Не будем ходить за примерами далеко, посмотрим на ведущие предприятия и фирмы Татарстана. Нет среди них ни одного «хозяйствующего субъекта», у которого не было бы заграничного, скажем так, загашника – в виде контролируемых по сложным цепочкам «дочек», в виде аккумулированных в удобных юрисдикциях солидных пакетов акций, за которыми проглядывают чеканные профили топ-менеджеров, – чем мы хуже москвичей или, там, питерцев? Но надо видеть, что дело с этими загашниками далеко не исчерпывается чьими‑то личными меркантильными интересами (хотя и не без этого, разумеется), в значительной мере «офшорки» – это инструмент оперативного проведения в жизнь решений, идущих во благо компании, вплоть до без проволоки закупаемого оборудования и расходных материалов. И да, это страховка на случай наездов конкурентов на бизнес-просторах Отечества, осуществляющихся, как правило, через стимулирование повышенной активности надзирающих и контролирующих инстанций. Другими словами, амнистия капитала будет тем успешнее, чем отчетливее капиталист увидит, что законодательная и правоприменительная база в родной стране позволяют ему вести дела так же быстро, просто и безоткатно, позволю себе такое словцо, как на чужбине.

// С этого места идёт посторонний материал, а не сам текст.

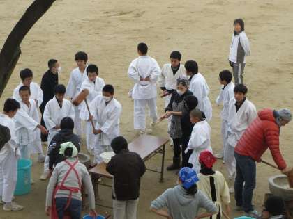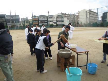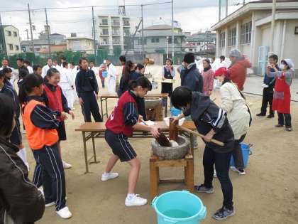 12月4日(金)本日、恒例のPTA行事大領祭が開催されました。朝早くからPTA保護者の皆さんに準備をしていただき、グランドでは生徒・地域のみなさん・保護者の皆さんの総出で餅つきを午前9時過ぎから始めました。今日は強い風の一日でした。またとても寒い中、懸命に餅をついていました。寒い中でも、笑顔があふれ、みんな心を一つに楽しんでいました。

По этому поводу приходится иногда слышать доводы и расчеты, что, мол, вот налоговая нагрузка у нас ничуть не выше, чем в том же ЕС. Во-первых, по-моему, это лукавые расчеты. Во-вторых, даже если они и правильные, надо же учитывать время и место действия: российская экономика еще только пытается диверсифицироваться, она слаба, чего же радоваться сопоставимым налоговым нагрузкам? Да и не только в них дело, как уже сказано.
…Однако время ускоряется: у бизнесменов остаются буквально считанные дня для того, чтобы сделать вы- бор между добровольным декларированием зарубежных активов в расчете на амнистию и уходом в «несознанку» в расчете на приспособление (а по существу обход) закона о контролируемых иностранных компаниях. Посмотрим, что победит – страх или жадность.